Task input START
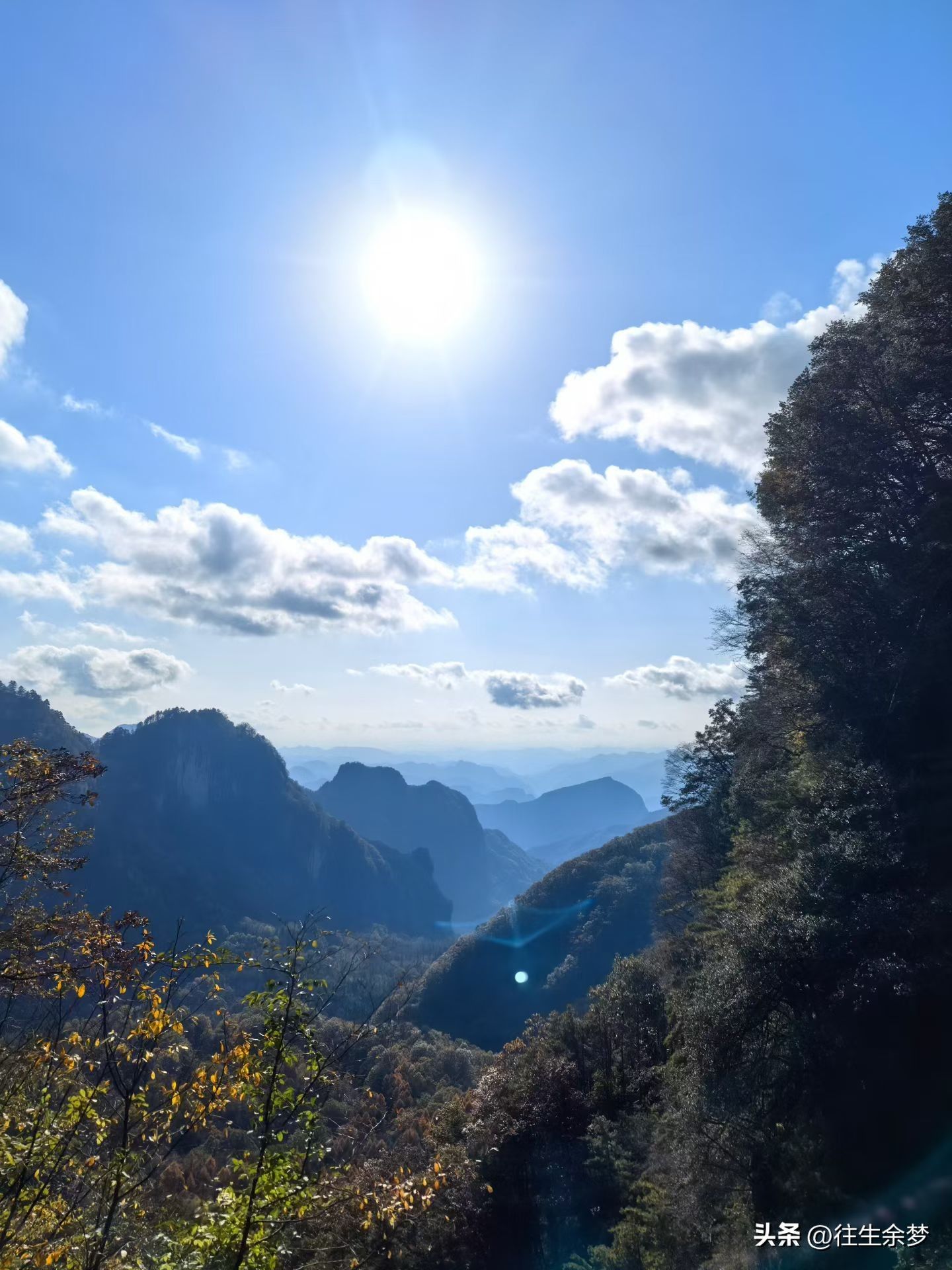 这颜色是鲜活的,有呼吸的。晨起时分,山间缠着一缕缕乳白的薄雾,那斑斓的色彩在水汽里晕染开来,朦朦胧胧,宛如一幅流动的宋人青绿山水。雾气在山间缭绕,如同轻纱般缥缈,让山峦增添了几分神秘的韵味。待到阳光破云而来,万山明净,每一片叶子都像被点亮了,透亮亮的,那色彩仿佛有了温度,直暖到人的心里去。阳光洒在树叶上,折射出五彩的光芒,仿佛给山峦披上了一层金色的纱衣。
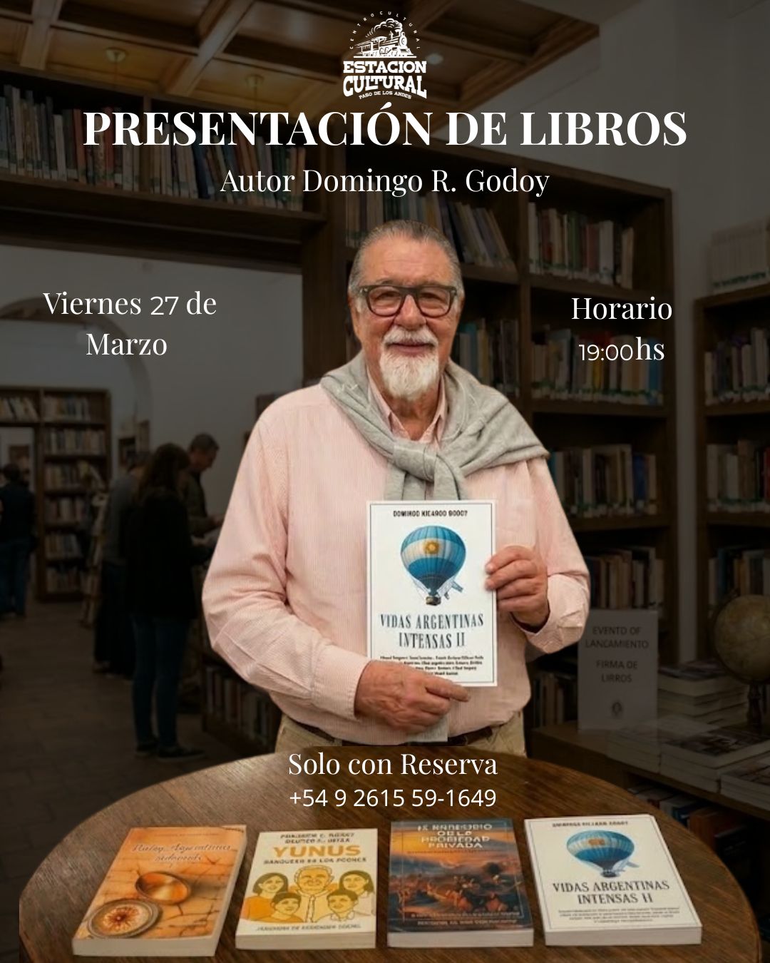 La Estación Cultural Paso de los Andes será escenario de una nueva propuesta literaria con la presentación de libros del autor Domingo R. Godoy, quien dará a conocer su obra en un encuentro previsto para el viernes 27 de marzo a las 19 horas.
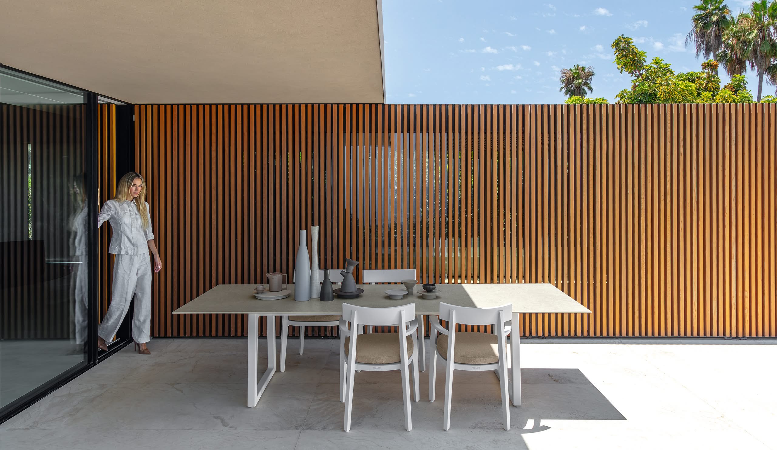 Die Esstische Ever 300×100 sind Ausdruck schlichter, dauerhafter Eleganz. Die Verbindung von minimalistischem Design und der Materialität des Aluminiums verleiht dem Außenbereich einen authentischen, zeitlosen Charakter. Die Stabilität der Materialien trifft auf die Leichtigkeit der Formen – für Möbel, die mit Stil und Harmonie in die Zukunft des Outdoor-Livings weisen.
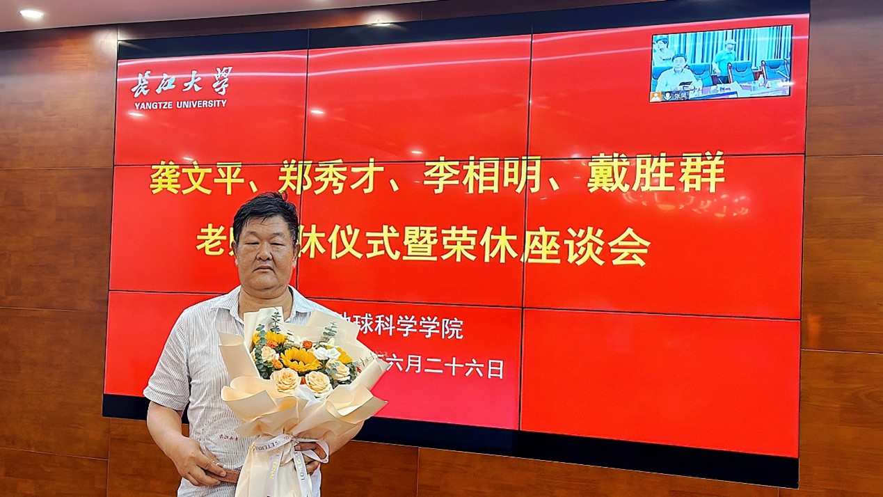 在石油科技大楼C201室举行了2023年退休教师荣休仪式。学院领导、地质系和石油系部分教师代表齐聚一堂,热烈欢送龚文平教授、郑秀才教授、李相明副教授、戴胜群副教授四位老师光荣退休。学院党委书记杨全辉主持荣休仪式。
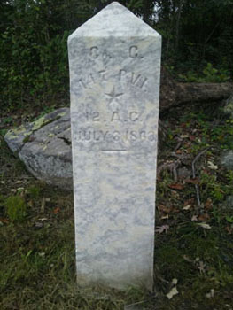 On another part of the battlefield, Culp's Hill, there is a small marker to a Union major, Major Joshua Palmer, of the 66th Ohio Infantry Regiment. To reach the marker, take the far left hiking path in front of the statue of Brigadier General George S. Greene down to the large monument to the 66th Ohio Infantry Regiment. The marker to Major Palmer is just a few yards further down the path:
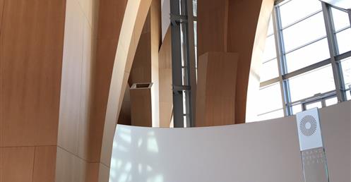 Inside the warm, Douglas fir-lined interior are 2,265 seats that are steeply raked and surround the stage. Ernest Fleischmann, former Executive Director of the LA Phil, felt that balconies and boxes reinforced a social hierarchy and proscenium arches separated players from listeners, and he urged that they be eliminated. In Walt Disney Concert Hall, the orchestra plays in the space in which the audience sits. The vineyard style seating brings the audience close to the orchestra, and offers an intimate view of the musicians and conductor from any seat.
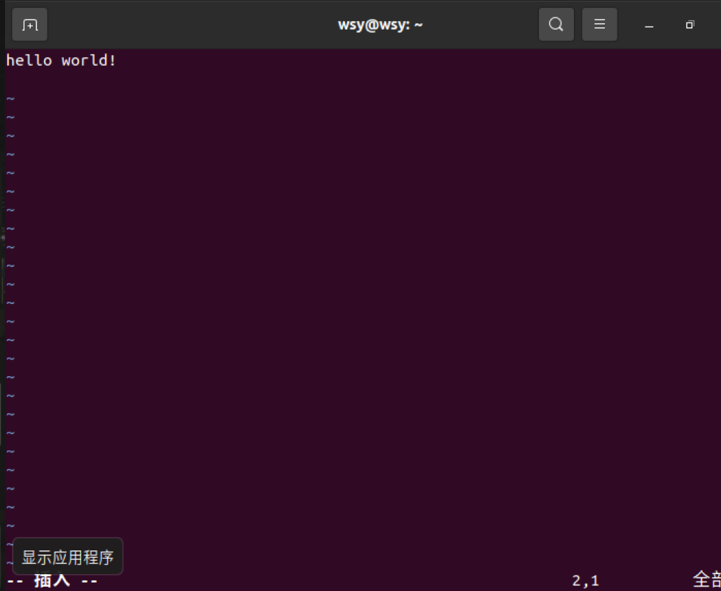 vim ~/my.txt 输入完内容后Esc 输入:qw 回车
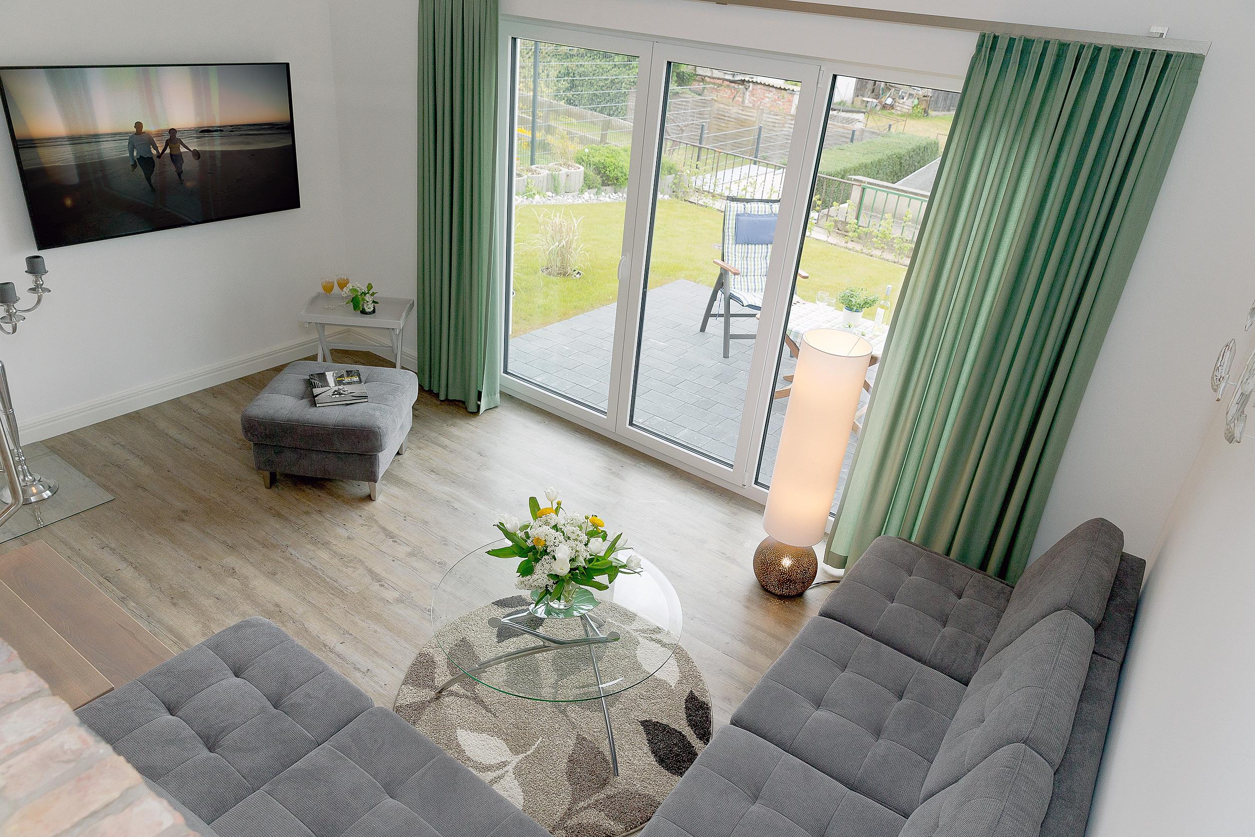 Diese moderne hochwertige 4-Zimmer Haushälfte erstreckt sich mit ihren 98 qm und ihren 4 Zimmern über zwei Ebenen. Alle Räume sind geschmackvoll und mit viel Liebe zum Detail gestaltet. Maximal 6 Personen können hier mit viel Komfort erholsame Ferien verleben. Im Erdgeschoss lädt die Wohnküche zum Kochen und zu gemeinsamen Mahlzeiten ein. Die moderne Küche ist mit Geschirrspüler, Cerankochfeld, Backofen, Kühlschrank etc. ausgestattet. Am angrenzenden bequemen Essplatz werden Sie gerne länger verweilen. Über ein paar Stufen abwärts erreichen Sie den offenen Wohnraum mit großem Ecksofa, Couchtisch und Flat TV. Von hier aus gelangen Sie auf die möblierte Terrasse, die südlich ausgerichtet ist und viel Sonne verspricht.
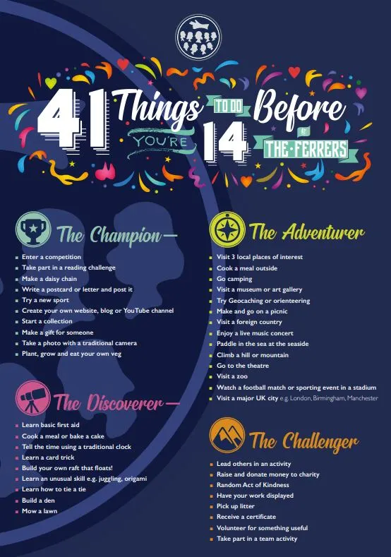 We promote a number of challenges at different stages in our students’ lives. We strive to offer the opportunity for our pupils to achieve ’41 Things before you’re 14′. At the Ferrers we are dedicated to providing our students with a chance to experience different childhood experiences through trips, clubs and other Learning Outside the Classroom activities.
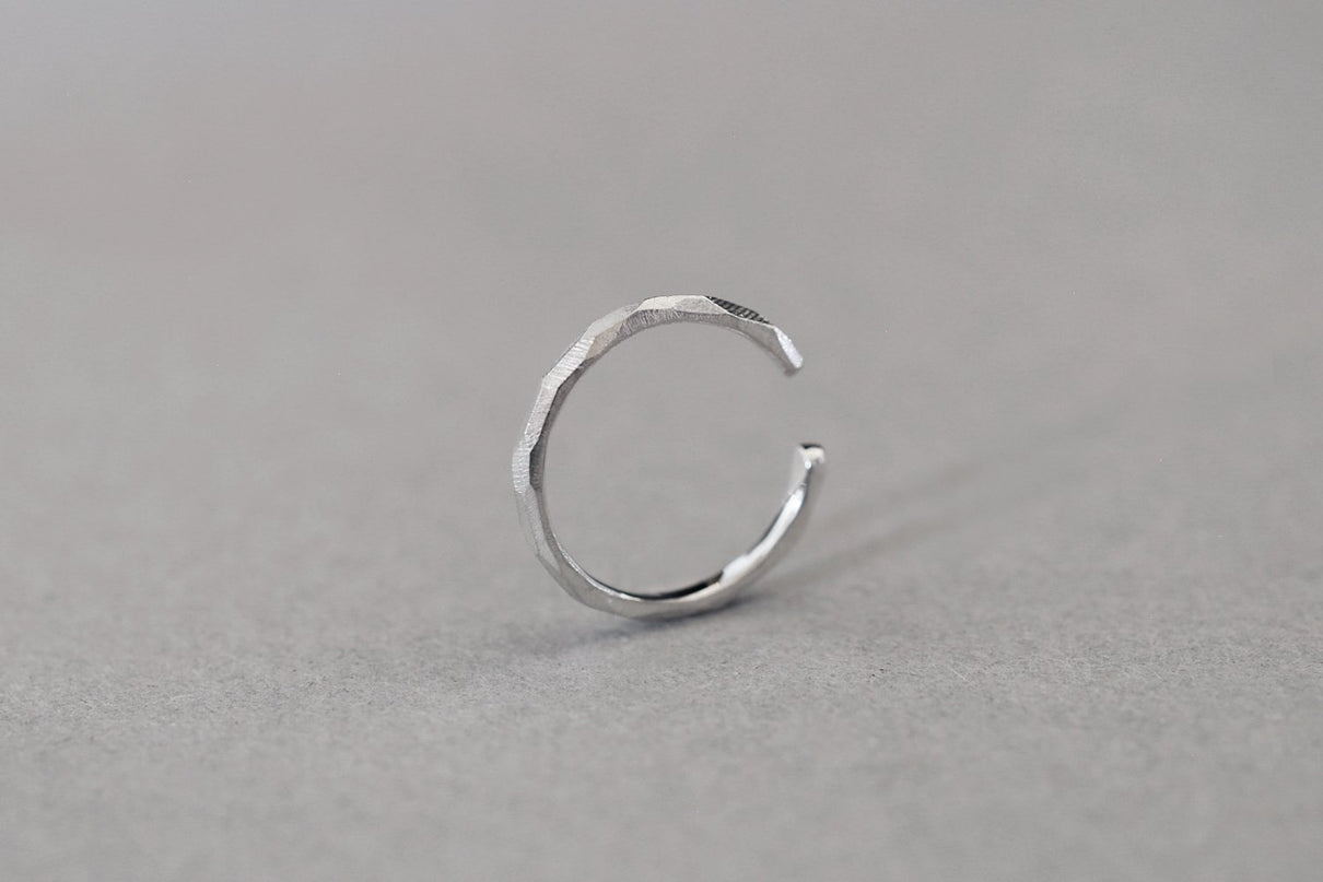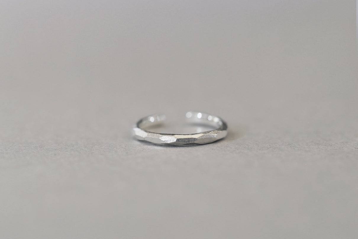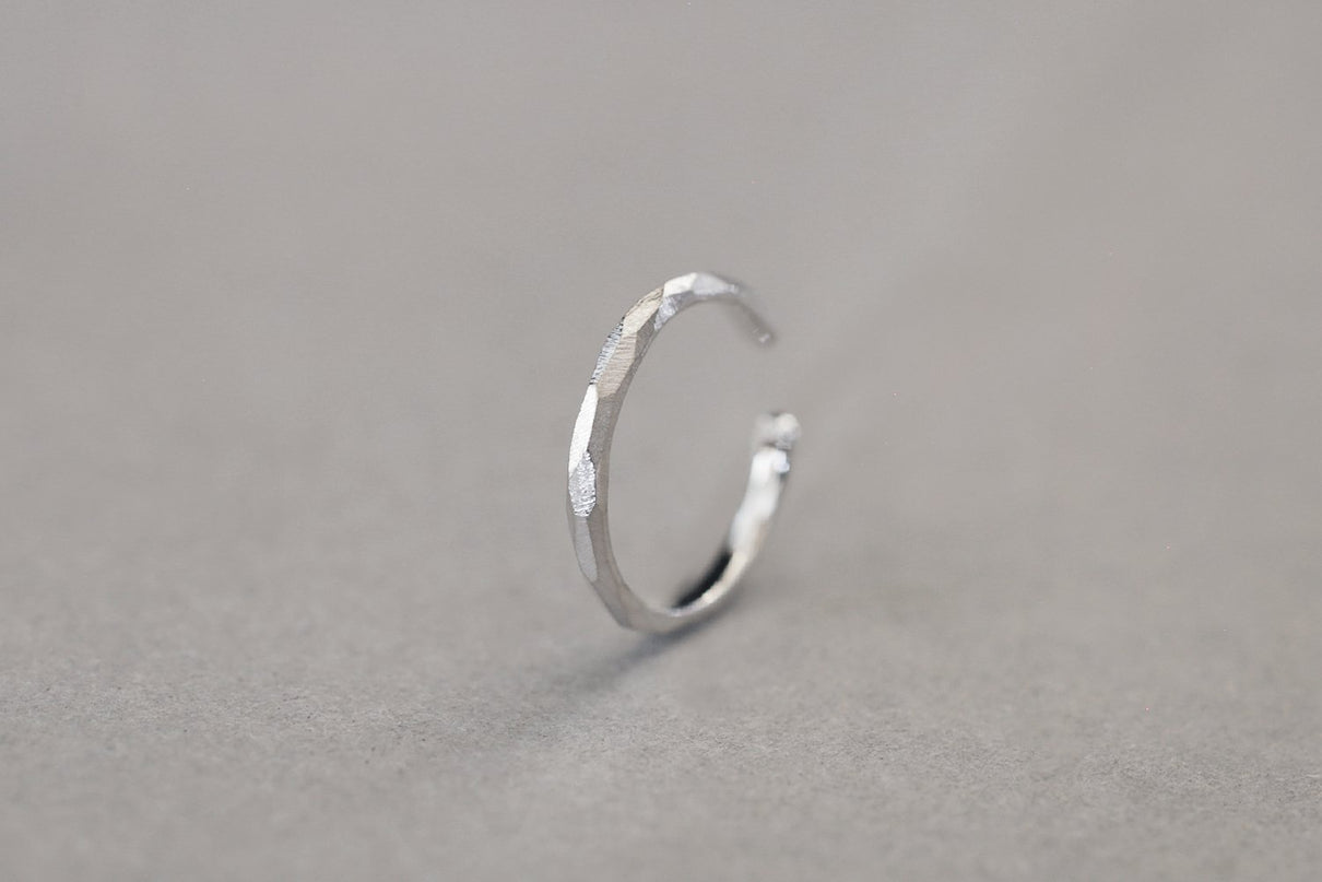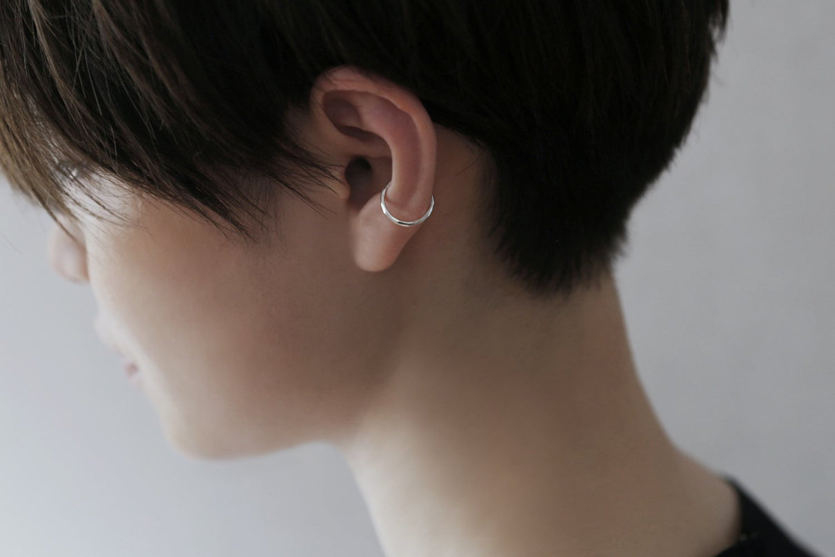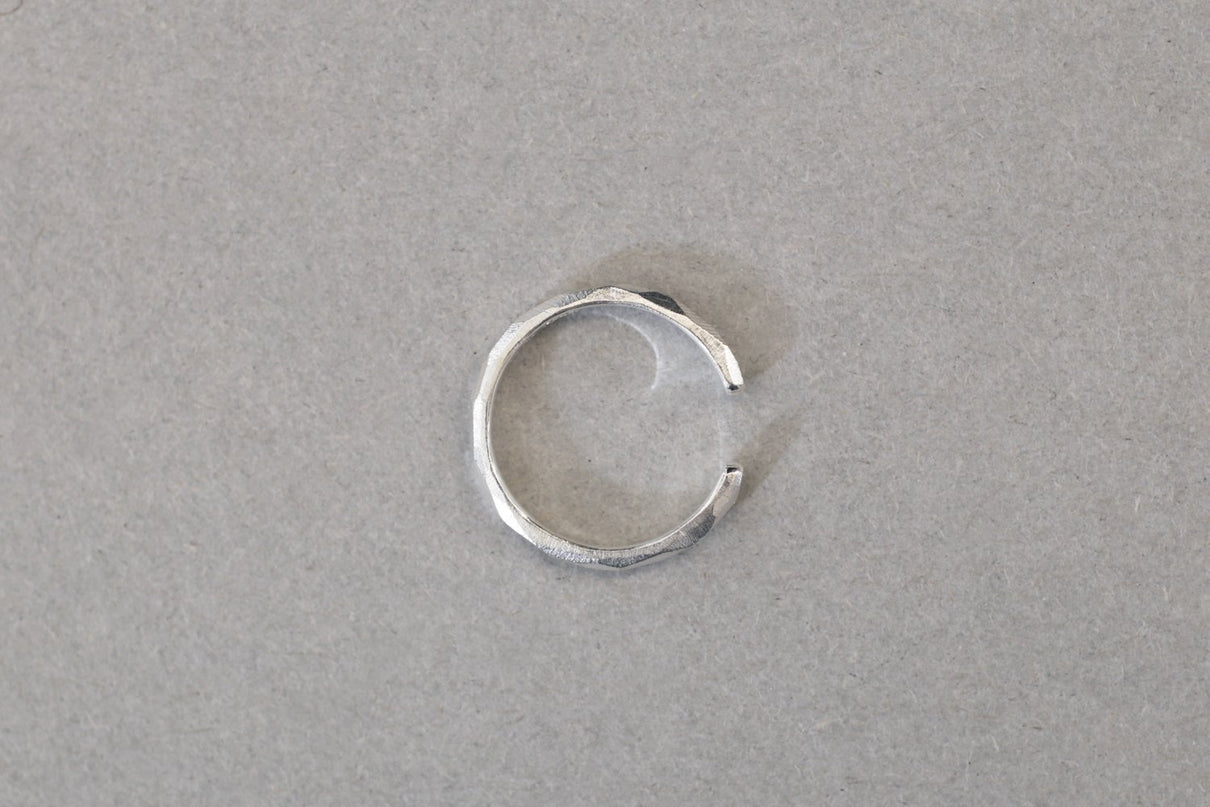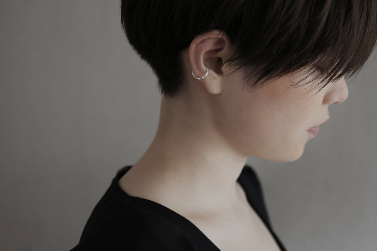 塊から荒く削り出したようなつや消し面の中に、ランダムに配された光沢面が入り混じる"Rough cut"シリーズのイヤーカフ。幾つもの面と面が織りなす表情が、手仕事の温かみを感じさせながらも洗練された美しさと凛とした印象を与えます。そのシンプルなフォルムは装いを選ばず、日々身に着けやすいアイテムです。
Task input END
Return word for word the lines from the beginning of the entries through the line that contains "On another part", both ends included, but no pictures.

 这颜色是鲜活的,有呼吸的。晨起时分,山间缠着一缕缕乳白的薄雾,那斑斓的色彩在水汽里晕染开来,朦朦胧胧,宛如一幅流动的宋人青绿山水。雾气在山间缭绕,如同轻纱般缥缈,让山峦增添了几分神秘的韵味。待到阳光破云而来,万山明净,每一片叶子都像被点亮了,透亮亮的,那色彩仿佛有了温度,直暖到人的心里去。阳光洒在树叶上,折射出五彩的光芒,仿佛给山峦披上了一层金色的纱衣。
 La Estación Cultural Paso de los Andes será escenario de una nueva propuesta literaria con la presentación de libros del autor Domingo R. Godoy, quien dará a conocer su obra en un encuentro previsto para el viernes 27 de marzo a las 19 horas.
 Die Esstische Ever 300×100 sind Ausdruck schlichter, dauerhafter Eleganz. Die Verbindung von minimalistischem Design und der Materialität des Aluminiums verleiht dem Außenbereich einen authentischen, zeitlosen Charakter. Die Stabilität der Materialien trifft auf die Leichtigkeit der Formen – für Möbel, die mit Stil und Harmonie in die Zukunft des Outdoor-Livings weisen.
 在石油科技大楼C201室举行了2023年退休教师荣休仪式。学院领导、地质系和石油系部分教师代表齐聚一堂,热烈欢送龚文平教授、郑秀才教授、李相明副教授、戴胜群副教授四位老师光荣退休。学院党委书记杨全辉主持荣休仪式。
 On another part of the battlefield, Culp's Hill, there is a small marker to a Union major, Major Joshua Palmer, of the 66th Ohio Infantry Regiment. To reach the marker, take the far left hiking path in front of the statue of Brigadier General George S. Greene down to the large monument to the 66th Ohio Infantry Regiment. The marker to Major Palmer is just a few yards further down the path:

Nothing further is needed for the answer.